Supplied records
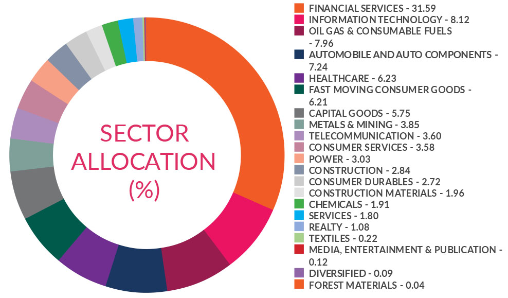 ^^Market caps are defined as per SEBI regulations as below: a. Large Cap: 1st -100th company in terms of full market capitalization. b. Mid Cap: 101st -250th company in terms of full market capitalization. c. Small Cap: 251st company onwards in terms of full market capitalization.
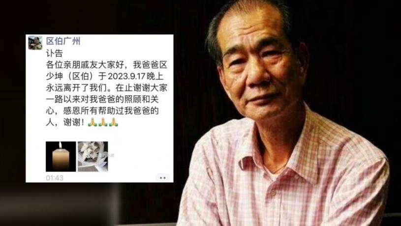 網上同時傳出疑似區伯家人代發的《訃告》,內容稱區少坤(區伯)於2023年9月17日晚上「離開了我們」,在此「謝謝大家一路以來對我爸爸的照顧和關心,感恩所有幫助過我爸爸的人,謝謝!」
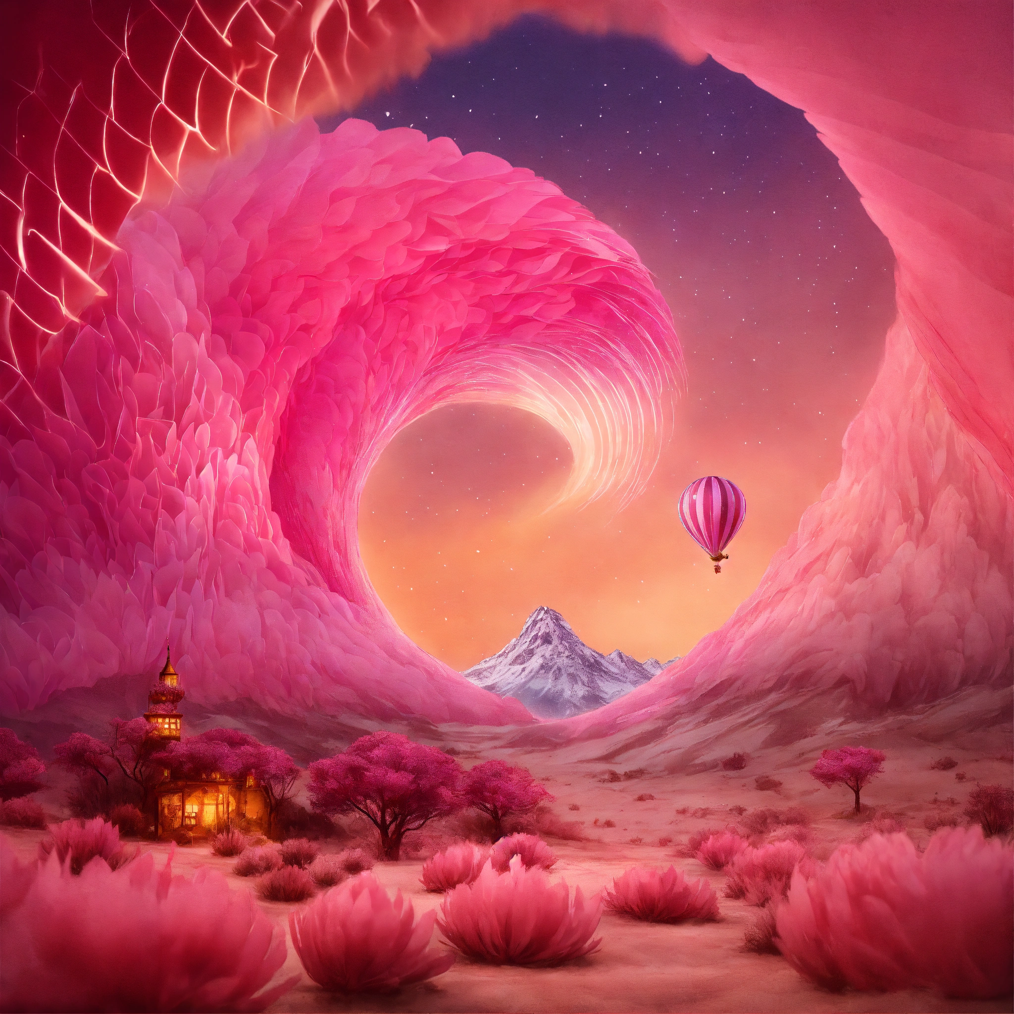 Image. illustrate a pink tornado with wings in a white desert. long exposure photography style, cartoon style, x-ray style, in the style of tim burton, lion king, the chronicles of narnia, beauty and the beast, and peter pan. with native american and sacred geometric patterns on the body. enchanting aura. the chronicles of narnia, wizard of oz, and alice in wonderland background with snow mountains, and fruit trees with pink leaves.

* * *

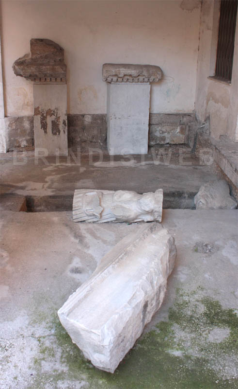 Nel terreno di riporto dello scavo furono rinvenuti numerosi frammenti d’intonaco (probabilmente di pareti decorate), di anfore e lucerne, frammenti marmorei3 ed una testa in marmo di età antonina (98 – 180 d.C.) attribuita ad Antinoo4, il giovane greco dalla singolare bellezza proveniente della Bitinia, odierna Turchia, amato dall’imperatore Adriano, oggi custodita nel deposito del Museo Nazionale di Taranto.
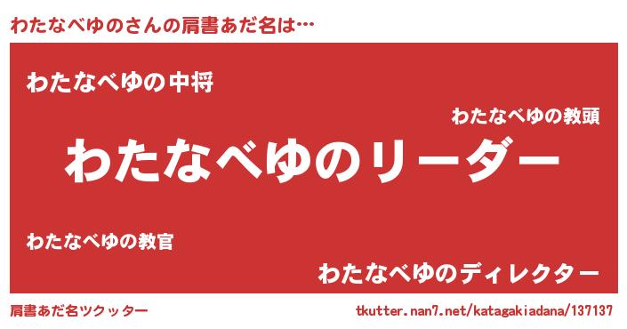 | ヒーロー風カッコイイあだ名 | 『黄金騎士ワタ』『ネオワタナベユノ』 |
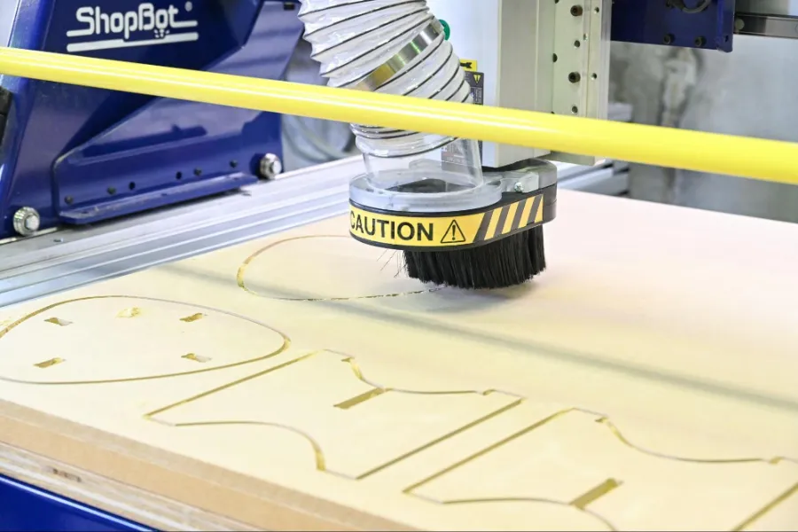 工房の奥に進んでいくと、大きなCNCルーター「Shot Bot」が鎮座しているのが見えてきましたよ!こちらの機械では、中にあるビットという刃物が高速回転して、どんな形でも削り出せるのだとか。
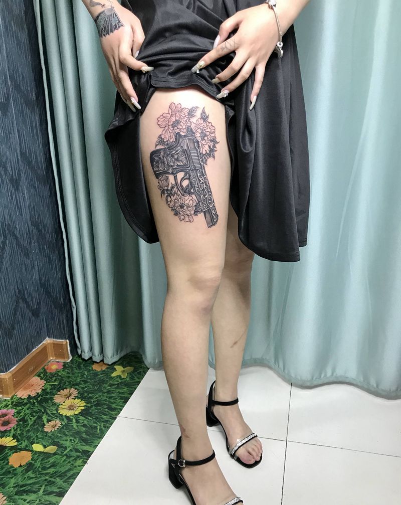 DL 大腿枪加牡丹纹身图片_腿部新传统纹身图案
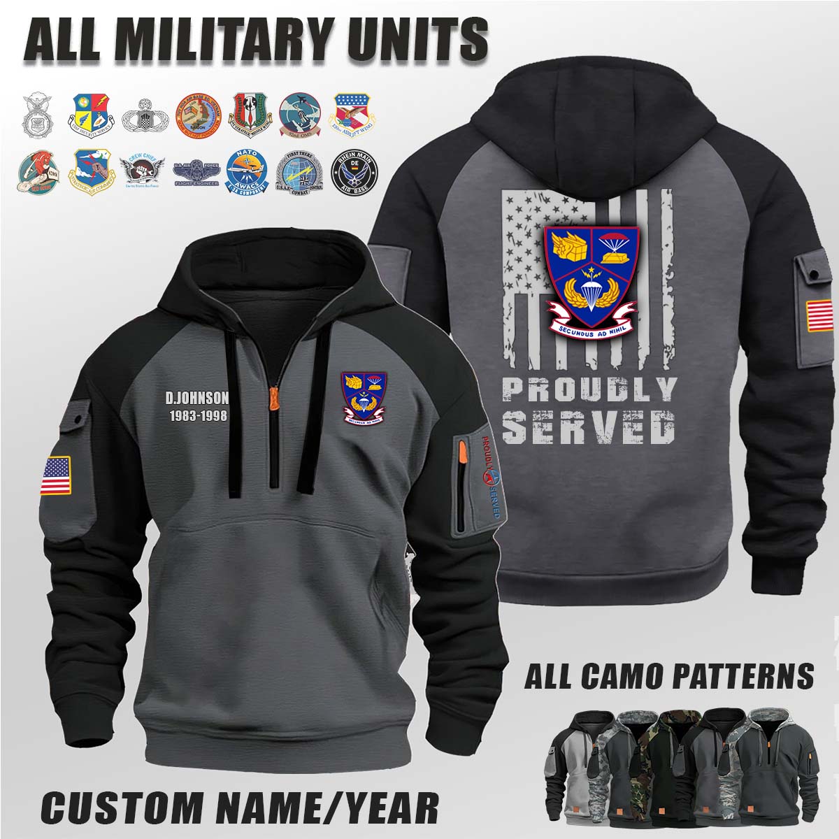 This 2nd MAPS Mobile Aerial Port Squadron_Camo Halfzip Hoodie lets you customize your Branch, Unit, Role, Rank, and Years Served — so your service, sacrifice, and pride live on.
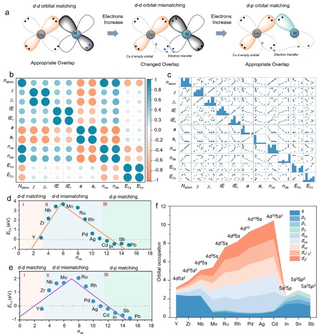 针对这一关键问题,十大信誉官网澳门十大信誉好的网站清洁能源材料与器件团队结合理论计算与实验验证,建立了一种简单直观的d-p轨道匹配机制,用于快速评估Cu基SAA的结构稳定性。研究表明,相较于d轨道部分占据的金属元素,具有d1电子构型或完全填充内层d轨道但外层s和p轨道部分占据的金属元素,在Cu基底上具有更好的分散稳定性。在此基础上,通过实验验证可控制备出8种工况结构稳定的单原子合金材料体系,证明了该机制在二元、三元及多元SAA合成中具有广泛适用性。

About this task
Extract from the material above the stretch running from the line containing "onwards in terms of full market capitalization." through the line containing "Image. illustrate a". Keep the text exact and the pictures out.

Task response
 ^^Market caps are defined as per SEBI regulations as below: a. Large Cap: 1st -100th company in terms of full market capitalization. b. Mid Cap: 101st -250th company in terms of full market capitalization. c. Small Cap: 251st company onwards in terms of full market capitalization.
 網上同時傳出疑似區伯家人代發的《訃告》,內容稱區少坤(區伯)於2023年9月17日晚上「離開了我們」,在此「謝謝大家一路以來對我爸爸的照顧和關心,感恩所有幫助過我爸爸的人,謝謝!」
 Image. illustrate a pink tornado with wings in a white desert. long exposure photography style, cartoon style, x-ray style, in the style of tim burton, lion king, the chronicles of narnia, beauty and the beast, and peter pan. with native american and sacred geometric patterns on the body. enchanting aura. the chronicles of narnia, wizard of oz, and alice in wonderland background with snow mountains, and fruit trees with pink leaves.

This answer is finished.